では、実際のパフォーマンスはどうなのか。GitHubリポジトリに掲載されているベンチマーク結果を見てみましょう。

モデル モード 速度 VRAM使用量 構成
Llama 3.1 8B Q8_0 常駐 48.9 tok/s 10.0 GB 全レイヤーVRAM
Llama 3.1 70B Q6_K Tiered (auto) 0.2 tok/s 23.1 GB 26 VRAM + 54 RAM
Llama 3.1 70B Q4_K_M Tiered + Layer Skip 0.5 tok/s 22.9 GB 36 VRAM + 44 RAM、20レイヤースキップ

「0.2〜0.5 tok/s」と聞いて「遅すぎでは?」と思った方、ちょっと待ってください。従来のmmapベースの手法だと70Bモデルの推論は事実上フリーズするレベルだったんです。ntransformerはmmap比で最大83倍の高速化を達成しています。

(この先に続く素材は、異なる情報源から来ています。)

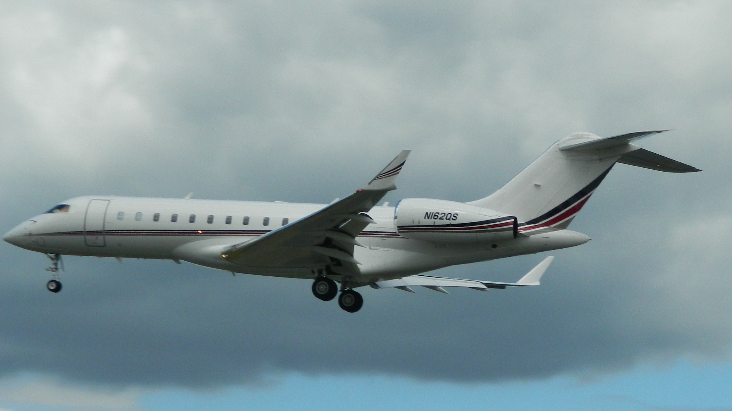 Bombardier Global 6000 registered in the United States as N162QS landing at Farnborough, England during the 2014 Farnborough Air Show
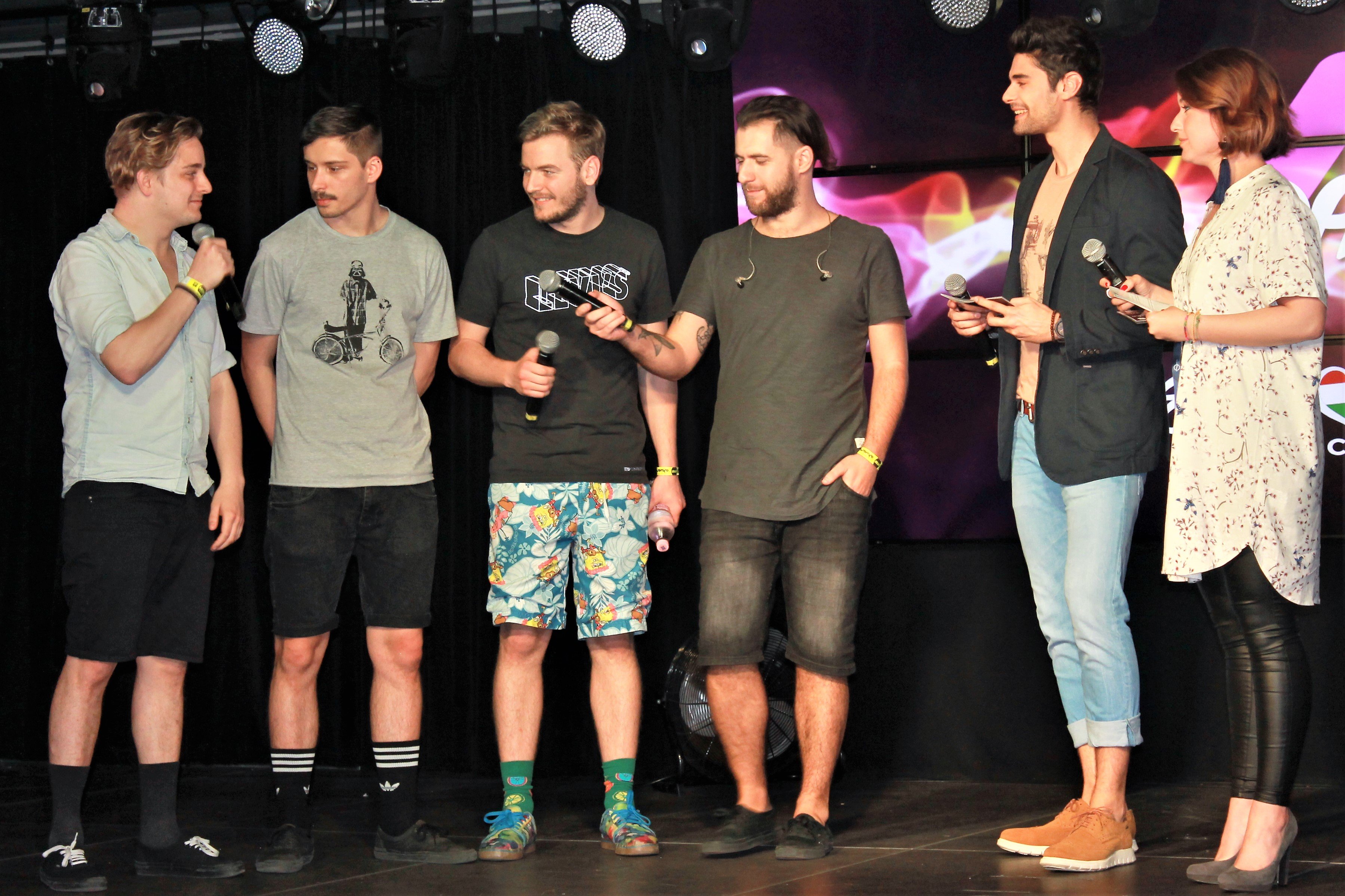 The band AWS: Örs Siklósi, singer; Soma Schiszler, bass; Áron Veress, drums; Bence Brucker, guitar: the Hungarian representatives at the Eurovision Song Contest 2018; Freddie and Kriszta Rátonyi, the commentators for the Hungarian transmission of the Eurovision Song Contest. (r–l)
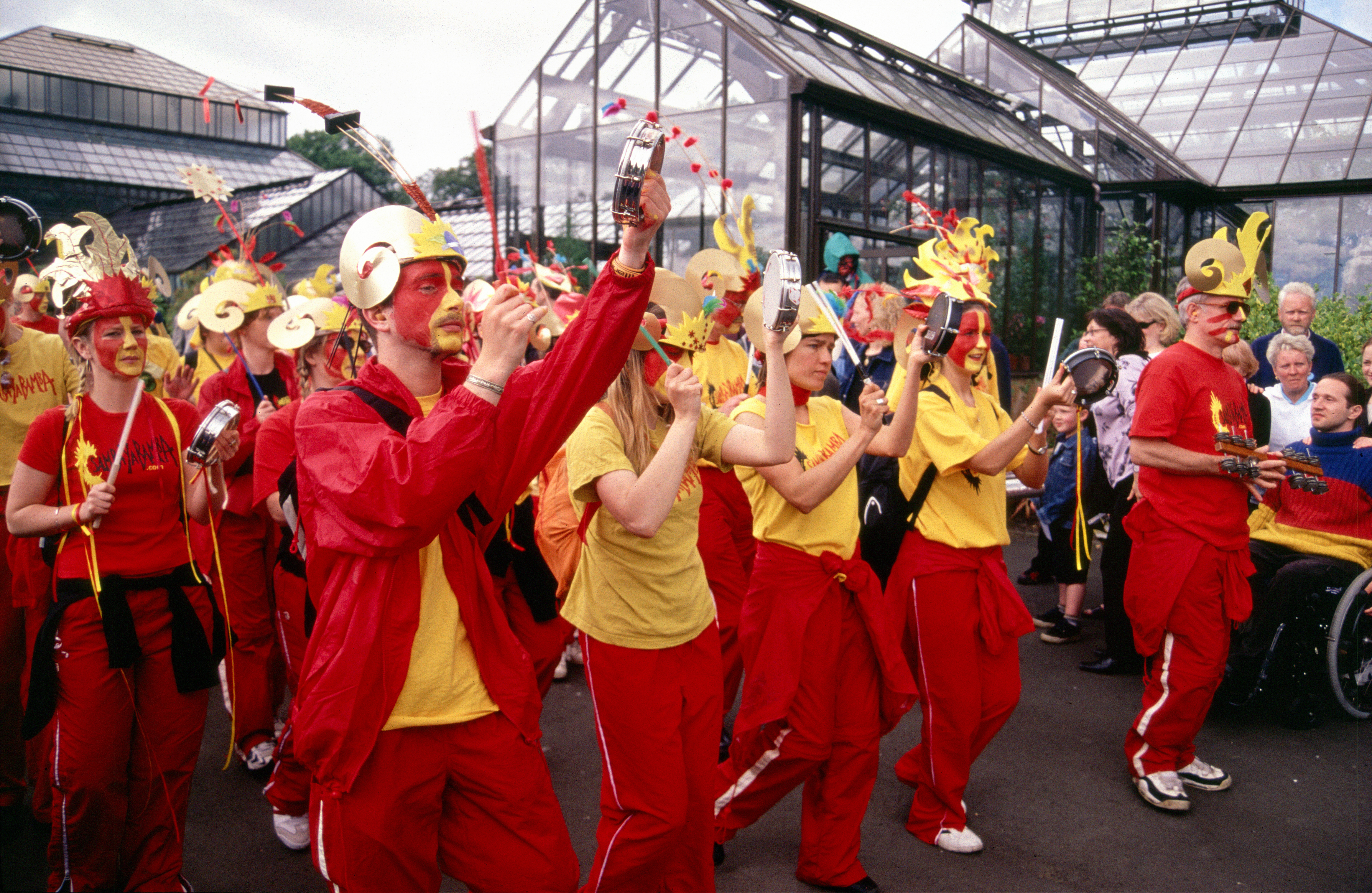 Procession of Glasgow's West End Festival in mid-2002 as seen in the Botanical Gardens (just off Byres Road).
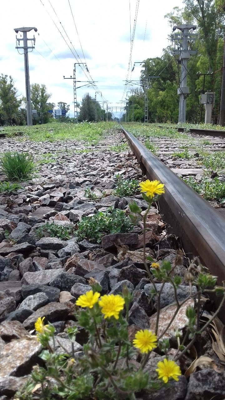 Imagen de rieles en la estación de M. B. Gonnet, Buenos Aires, 2020.
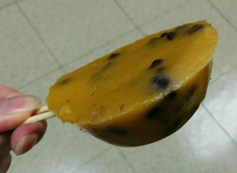 A put chai ko, steamed red bean rice pudding, a pudding cake from Hong Kong.
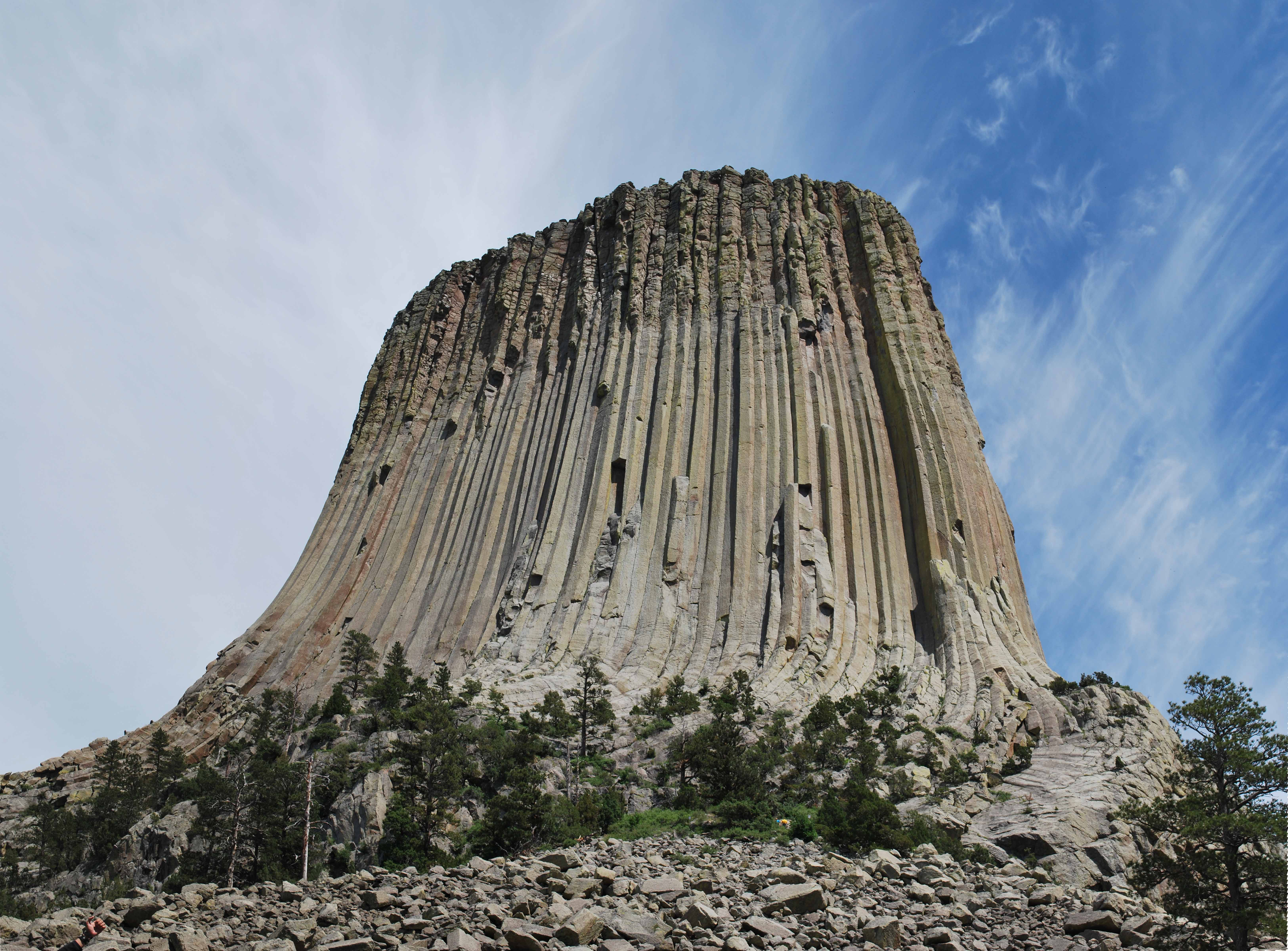 Crook County, WY, USA
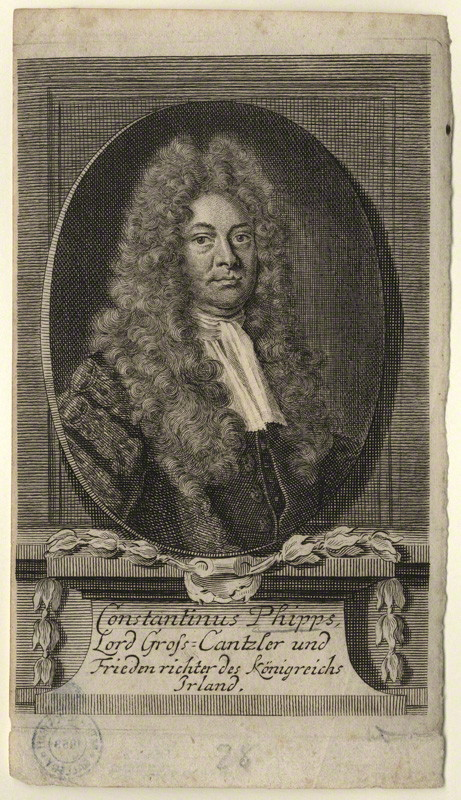 Early 18th century line engraving of Sir Constantine Phipps (1656-1723), Lord Chancellor of Ireland after John Simon
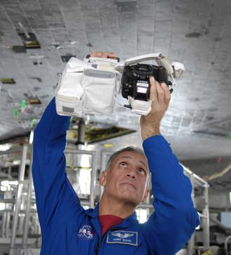 NASA Astronaut John D. Olivas checking equipment during crew equipment interface test for STS-117. The tiles of Space Shuttle Atlantis are visible in the background. NASA photo in public domain.
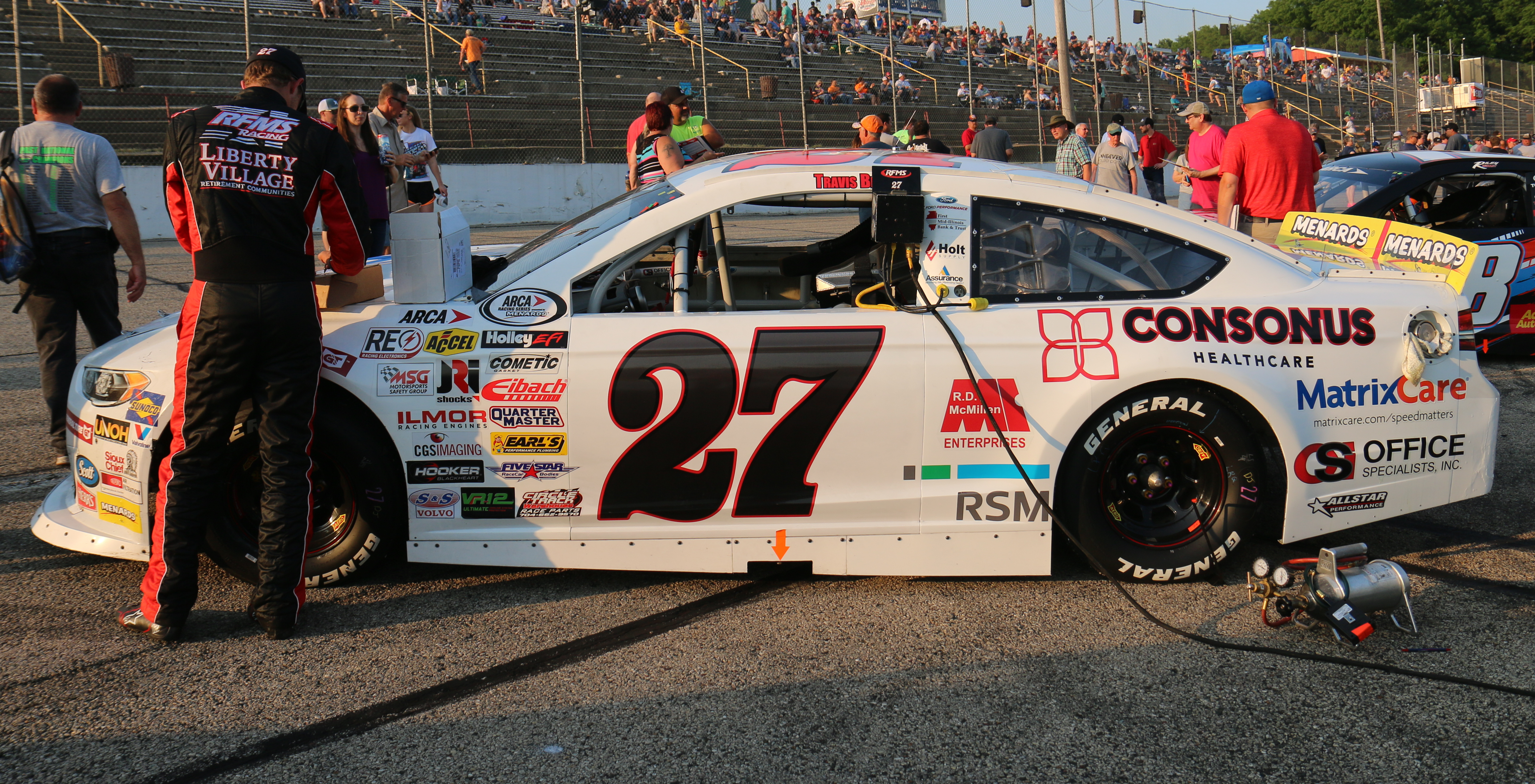 The #27 car of Travis Braden on display at the 2018 ARCA race at Madison International Speedway.
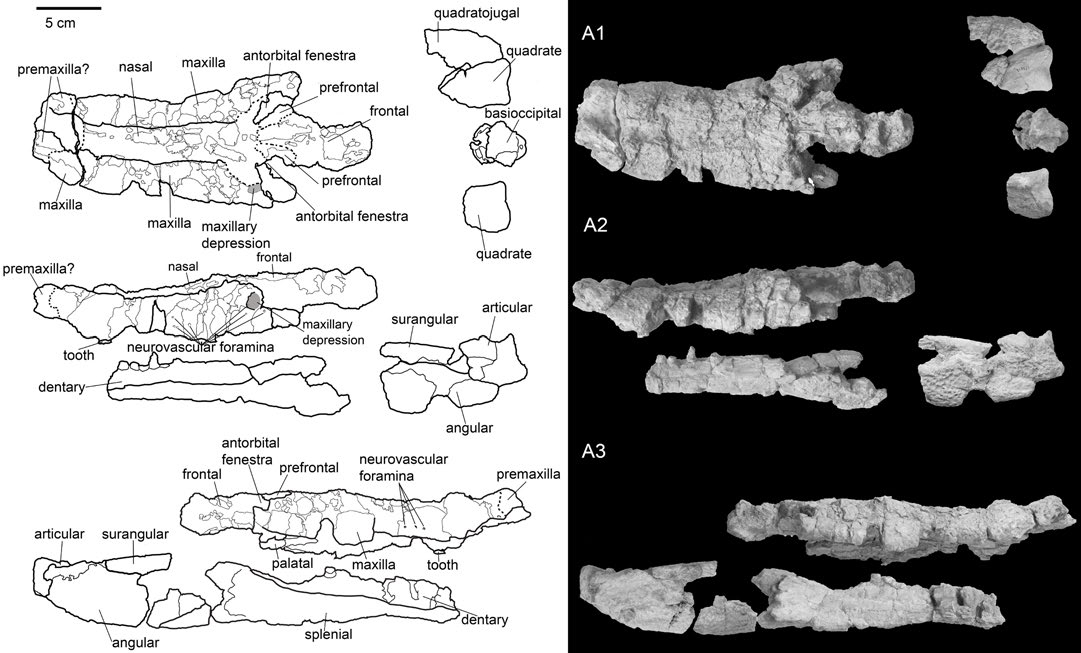 1. Adult crocodilian “Sunosuchus” cf. thailandicus, PIN 4174‒1 from Shar Teeg, Mongolia. rostrum, quadrates, and occipital condyle in dorsal aspect (A1); rostrum and mandible in left (A2), and right (A3) aspects, both photograph and diagrammatic interpretation. Scale bar is 5 cm.
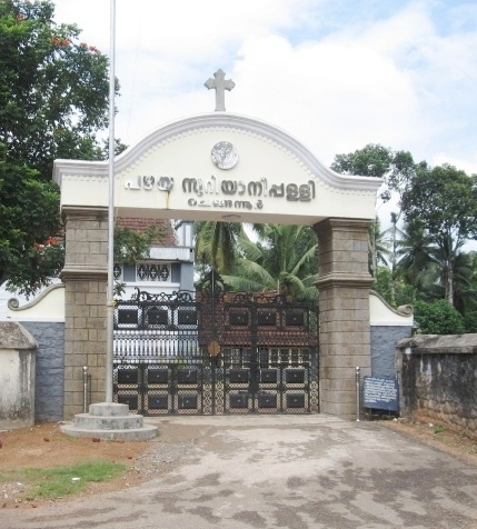 Gate Of Old Syrian Church
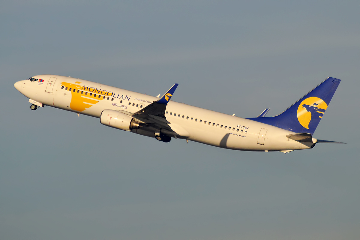 MIAT Mongolian Airlines, EI-CXV, Boeing 737-8CX
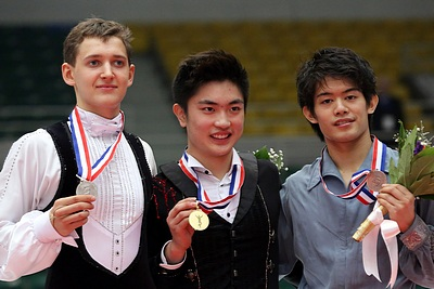 The men's podium at the 2013 Cup of China. From left: Maxim Kovtun (2nd), Yan Han (1st), Takahiko Kozuka (3rd).
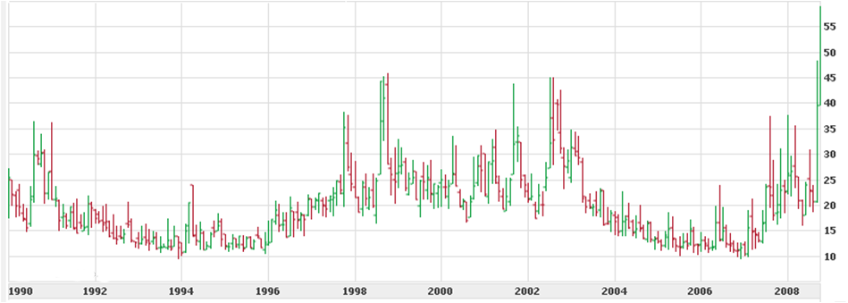 Candle chart of the VIX index, inception to October 2008
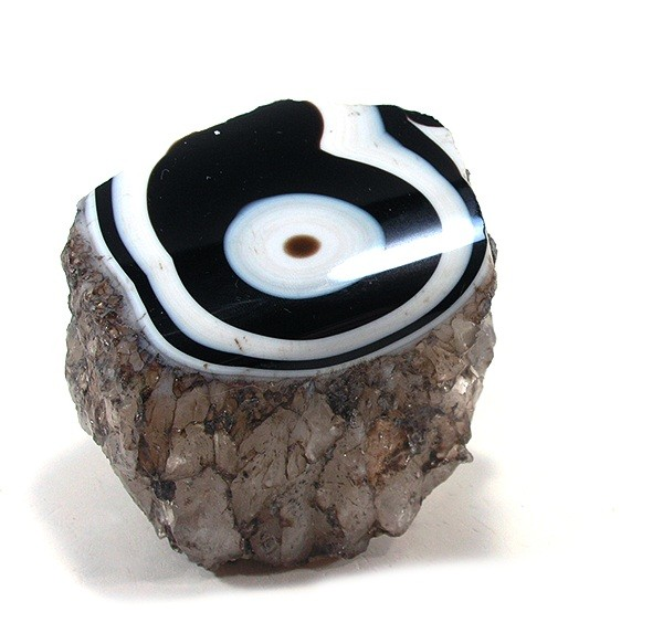 Agate (Var.: Onyx), Quartz Locality: Minas Gerais, Southeast Region, Brazil (Locality at ) Just a REALLY mesmerizing specimen of the onyx variety of agate, with an incredible "eye" staring out at you! Oddly, the rear end is made up of terminated quartz, so its a strange twofer of crystal and agate in one specimen. You could cut a good 7-8 slabs out of this one, each with the eye as it goes all the way through. It is even more impressive, in person. I am told this is very old lapidary material and uncut samples are impossible to obtain these days. Certainly, Herfurth bought heavily in the 50s and 60s and it is an older piece. 7 x 5.8 x 5.5 cm

また、開発者のxaskasdf氏がHacker Newsで明かしたところによると、テスト環境のマザーボードはB450で、PCIe 3.0のx8レーン(x16ではなく)に制限されていたとのこと。帯域幅は約6.5 GB/s。PCIe 4.0やPCIe 5.0環境に移行すれば、2〜3倍の速度向上が見込めると述べています。

GPUDirect Storageとの関係

ここで、NVIDIA公式のGPUDirect Storage(GDS)との関係を整理しておきましょう。

GPUDirect Storageは、NVIDIAが提供するエンタープライズ向け技術で、NVMeストレージとGPUメモリ間のダイレクトDMA転送を実現するものです。従来のデータパスでは「ストレージ → CPU/システムRAM(バウンスバッファ) → GPU」という経路を辿りますが、GDSはこのバウンスバッファを排除します。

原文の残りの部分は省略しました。